Over the 20 years I have been flying I’ve seen things getting gradually harder. More PPR.

Firstly, most visibly, Greece has largely been taken over by Fraport who have jacked up costs some 5x to 10×. This is still OK for the rare trip down there but only the really determined will do it, and it pretty well kills local GA down there, restricting it to a small number of airports. The avgas situation looked like improving, with LGIO getting both avgas and customs, but it has now lost avgas.

Then we have Spain, which saw a major collapse around 15 years ago (the EU money running out, I guess). Lots of PPR…

Then Italy, where something similar has happened. I’ve just read a long and really negative writeup on one domestic site, by a long time “total enthusiast” of Italy, who years ago would never say a negative word about it and would never let anyone else do so, now basically writing off the whole place, except for a few well managed friendly airports like Bolzano, Aosta, Elba… Maybe @Nuccio has a closer view of what’s happening?

Spain and Italy have seen a big move to ultralights, which operate off the main airport network, between strips. Here is a great writeup.

Croatia remains up there and GA activity has grown, due to friendly well managed airports and great scenic value.

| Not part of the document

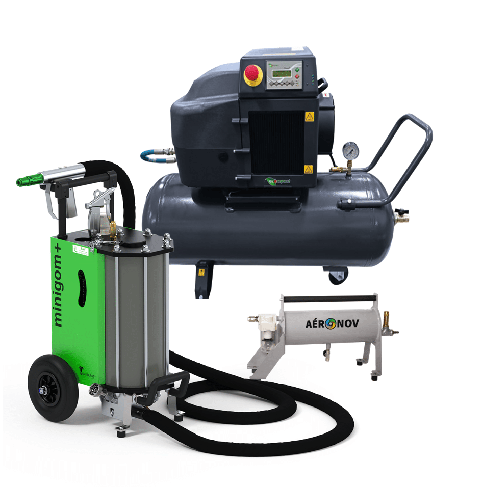 Optez pour une solution complète et immédiatement opérationnelle avec le Pack Aérogommeuse MINIGOM+ + Compresseur SMART 270.

EuroGA is well known down there and has been a big influence in bringing more traffic, to Mali Losinj and Brac especially. Well, Dubrovnik is getting a bit expensive… though still 1/3 of Fraport levels. We are planning a fly-in to Sicily in Sep 2021 and I guess most people will fly there via Croatia

And Slovenia is still good, with LJPZ being a great example.

One concern is coronavirus, which has probably permanently decimated GA activity in the north of Europe, and this is likely to show up in flying to the south. Also a lot of the “middle” airports – those which used to have airline travel but no longer do, but remain in business, and are very good for GA – are in danger of going bust due to their income having disappeared for a year.

Administrator
Shoreham EGKA, United Kingdom

Peter wrote:

One concern is coronavirus, which has probably permanently decimated GA activity in the north of Europe

We haven’t seen that. The very opposite, in fact.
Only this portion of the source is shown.